A revolutionary approach
In 2005, Carl had a vision, which began as talk over some beers, to produce desktop and laptop computers that come installed with Linux. He’s transformed that idea into a highly successful company founded on the belief that “the computer and operating system are the most powerful and versatile tools ever created.” And by producing the best tools, System76 can inspire the curious to make their greatest discovery or complete their greatest project.
System76 lives up to its name, which was inspired by the American Revolution of 1776. The company views itself as a leader in the open source revolution, granting people freedom and independence from proprietary hardware and software.
But the revolution does not end there; it continues with the company’s business practices and diverse environment that aims to close the gender gap in technology leadership. Eight of the company’s 28 employees are women, including vice president of marketing Louisa Bisio, creative manager Kate Hazen, purchasing manager May Liu, head of technical support Emma Marshall, and manufacturing control and logistics manager Sarah Zinger.
The staff members’ passion and ingenuity for making the Linux experience enjoyable for customers creates an outstanding culture. Because the company believes the Linux desktop deserves a dedicated PC manufacturer, in 2018, it brought manufacturing in-house. This allows System76’s engineers to make design changes more quickly, based on their frequent interactions with Linux users to learn about their needs and wants. It also opens up its parts and process to the public, including publishing design files under GPL on GitHub, consistent with its commitment to openness and open source.
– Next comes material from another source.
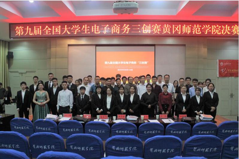 2019年5月10日晚18:30,第九届全国大学生电子商务三创赛黄冈师范学院选拔赛决赛于B03学术报告厅举行。威廉希尔WilliamHill官方网站副院长柯珍堂老师、威廉希尔WilliamHill官方网站周海琼老师、纪关心老师、威廉希尔WilliamHill官方网站学生会16级实践部部长葛伟锋以及部分大一学生共同观看了本次比赛。担任此次大赛的评委有黄冈市青年人才创新发展联合会会长以及湖北省城建设计院股份有限公司黄冈分公司执行总经理汪子云先生、湖北永业行集团黄冈分公司总经理徐宇初先生、黄冈东科创星企业管理有限公司副总经理肖红亮先生、湖北邻家购智能科技股份有限公司总经理汪流奇先生、湖北农夫电子商务股份有限公司总经理汪翔先生、湖北微媒网络科技有限公司总经理王桂超先生、北京绿色家装饰黄冈分公司邹总经理。

For example, when System76 decided to create its own version of Linux, Pop!_OS, it hosted online meetings to discuss and learn what features and software its customers wanted. This decision to work closely with the community has been instrumental in making Pop!_OS successful.
System76 again turned to the community when it began developing Thelio, its new line of desktop computers. Marketing VP Louisa Bisio says, “Taking a similar approach to open hardware has been great. We started in-house design in 2016, prototyping different desktop designs. Then we moved from prototyping acrylic to sheet metal. Then the first few prototypes of Thelio were presented to our Superfan attendees in 2017, and their feedback was really important in adjusting the desktop designs and progressing Thelio iterations forward.”
Thelio is the product of research and development focusing on high-quality components and design. It features a unique cabling layout, innovative airflow within the computer case, and the Thelio Io open hardware SATA controller. Many of System76’s customers use platforms like CUDA to do their work; to support them, System76 works backward and pulls out proprietary functionality, piece by piece, until everything is open.
Open roads ahead
Manufacturing open laptops are on the long-range roadmap, but the company is actively working on an open motherboard and maintaining Pop!_OS and System76 drivers, which are open. This commitment to openness, customer-driven design, and culture give System 76 a unique place in computer manufacturing. All of this stems from founder Carl Richell and his philosophy “that technology should be open and accessible to everyone.” As Carl says, “open hardware benefits all of us. It’s how we further advance technology and make it more available to everyone.”